[REQUIRED ACTION]: Transcribe the entries below word for word, beginning at the line with "走进博物馆的大门,首先映入眼" and stopping after the line with "门罗币日益增长的现货流入反映"; drop all pictures.
Top of RECORDS FOR THIS TASK
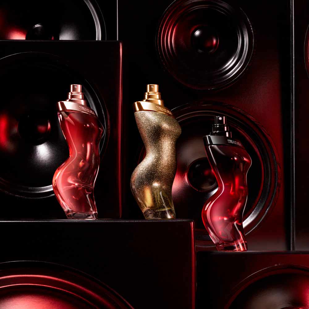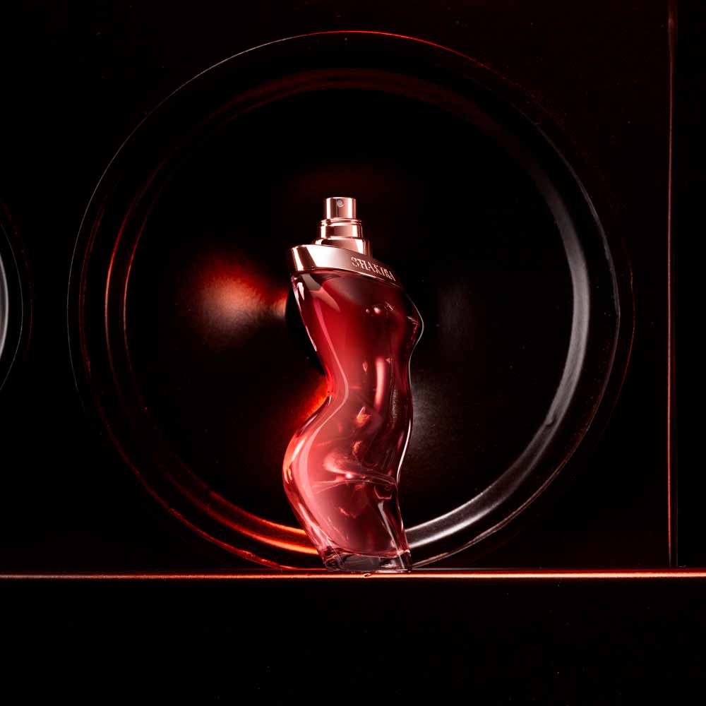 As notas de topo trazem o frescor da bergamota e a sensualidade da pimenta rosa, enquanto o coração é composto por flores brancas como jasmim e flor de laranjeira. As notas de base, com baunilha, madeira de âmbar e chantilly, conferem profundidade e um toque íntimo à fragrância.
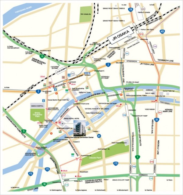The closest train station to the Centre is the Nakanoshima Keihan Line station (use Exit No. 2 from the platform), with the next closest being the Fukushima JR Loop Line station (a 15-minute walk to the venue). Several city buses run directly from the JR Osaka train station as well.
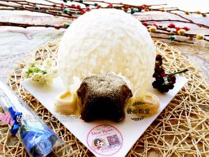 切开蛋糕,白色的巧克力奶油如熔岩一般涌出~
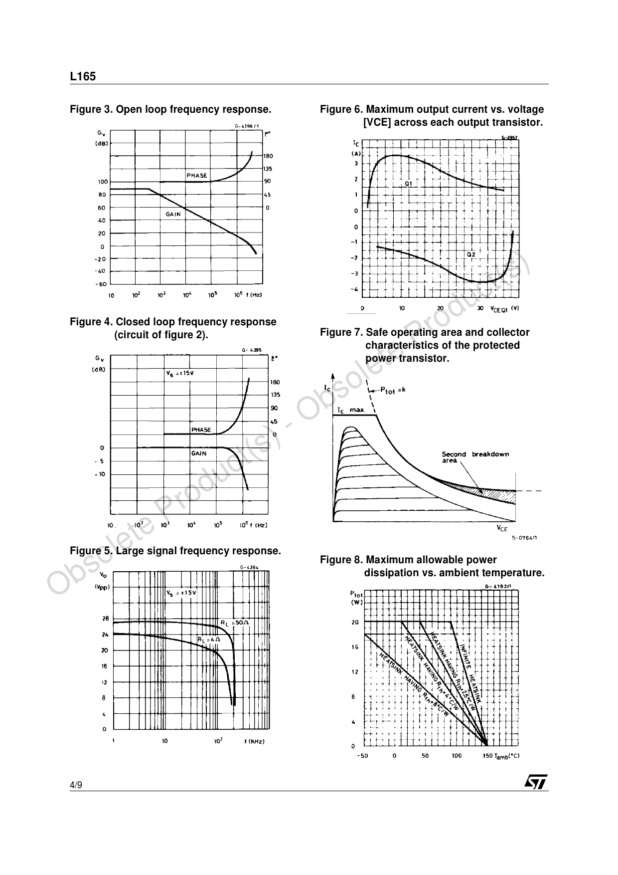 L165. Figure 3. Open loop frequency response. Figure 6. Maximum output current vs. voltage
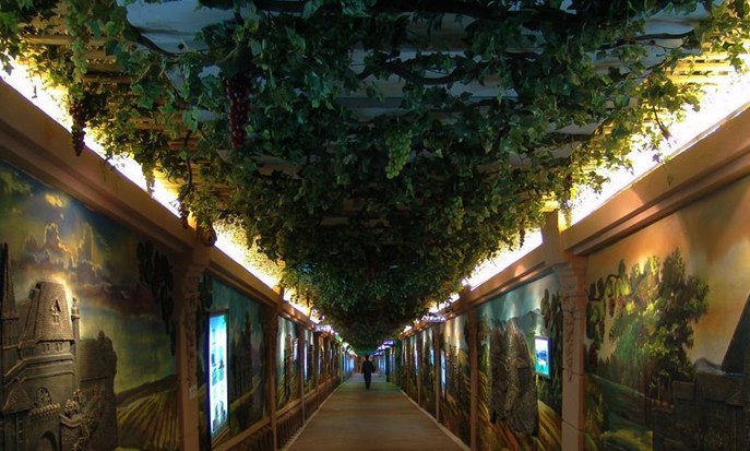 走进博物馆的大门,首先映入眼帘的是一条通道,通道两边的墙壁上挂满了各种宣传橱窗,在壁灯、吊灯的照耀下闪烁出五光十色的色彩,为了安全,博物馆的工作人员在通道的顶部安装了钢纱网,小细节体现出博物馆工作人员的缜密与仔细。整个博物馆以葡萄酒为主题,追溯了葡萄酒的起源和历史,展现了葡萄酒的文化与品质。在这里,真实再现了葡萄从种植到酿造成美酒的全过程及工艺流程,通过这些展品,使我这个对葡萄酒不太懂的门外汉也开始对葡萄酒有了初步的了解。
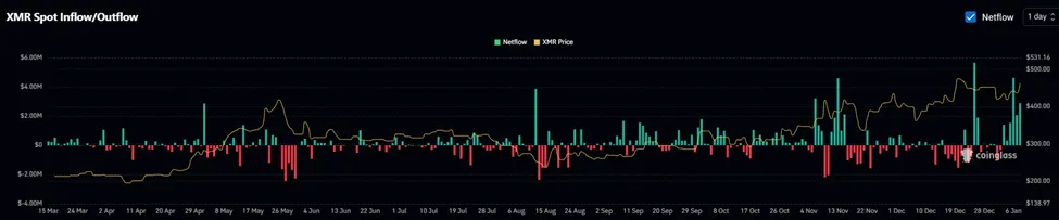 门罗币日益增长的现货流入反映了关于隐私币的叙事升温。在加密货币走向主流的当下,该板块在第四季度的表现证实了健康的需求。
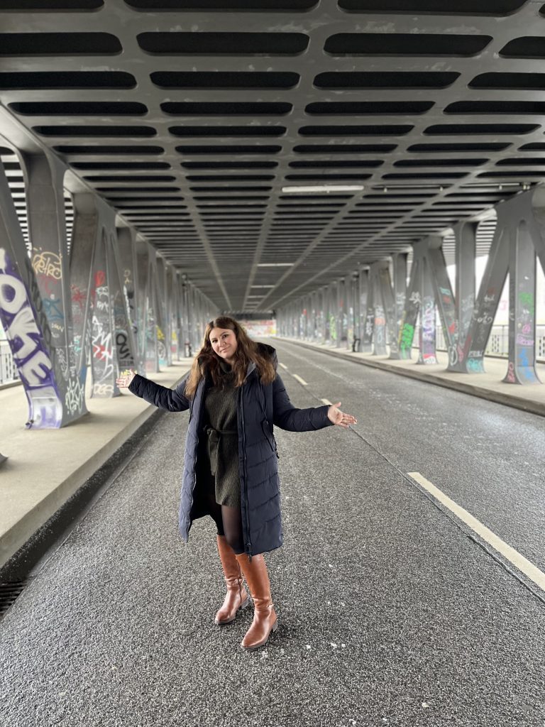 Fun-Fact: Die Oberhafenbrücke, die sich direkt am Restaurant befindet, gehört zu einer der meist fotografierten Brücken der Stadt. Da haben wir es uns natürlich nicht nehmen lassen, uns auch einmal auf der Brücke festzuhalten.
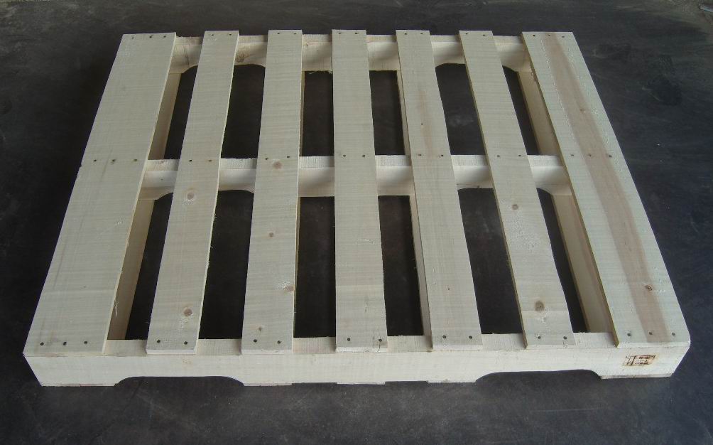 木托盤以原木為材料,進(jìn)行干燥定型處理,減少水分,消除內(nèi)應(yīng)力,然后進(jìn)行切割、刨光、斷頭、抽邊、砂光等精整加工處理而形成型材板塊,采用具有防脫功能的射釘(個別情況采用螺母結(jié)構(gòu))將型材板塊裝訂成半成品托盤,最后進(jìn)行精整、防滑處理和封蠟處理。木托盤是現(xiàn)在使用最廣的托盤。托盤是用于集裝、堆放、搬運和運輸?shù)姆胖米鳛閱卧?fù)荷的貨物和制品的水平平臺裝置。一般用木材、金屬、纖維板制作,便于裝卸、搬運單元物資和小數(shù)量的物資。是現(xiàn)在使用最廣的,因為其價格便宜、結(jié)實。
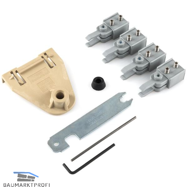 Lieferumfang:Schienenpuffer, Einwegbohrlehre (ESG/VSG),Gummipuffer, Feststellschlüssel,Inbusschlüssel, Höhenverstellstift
Bottom of RECORDS FOR THIS TASK
[ANSWER BOX]:
 走进博物馆的大门,首先映入眼帘的是一条通道,通道两边的墙壁上挂满了各种宣传橱窗,在壁灯、吊灯的照耀下闪烁出五光十色的色彩,为了安全,博物馆的工作人员在通道的顶部安装了钢纱网,小细节体现出博物馆工作人员的缜密与仔细。整个博物馆以葡萄酒为主题,追溯了葡萄酒的起源和历史,展现了葡萄酒的文化与品质。在这里,真实再现了葡萄从种植到酿造成美酒的全过程及工艺流程,通过这些展品,使我这个对葡萄酒不太懂的门外汉也开始对葡萄酒有了初步的了解。
 门罗币日益增长的现货流入反映了关于隐私币的叙事升温。在加密货币走向主流的当下,该板块在第四季度的表现证实了健康的需求。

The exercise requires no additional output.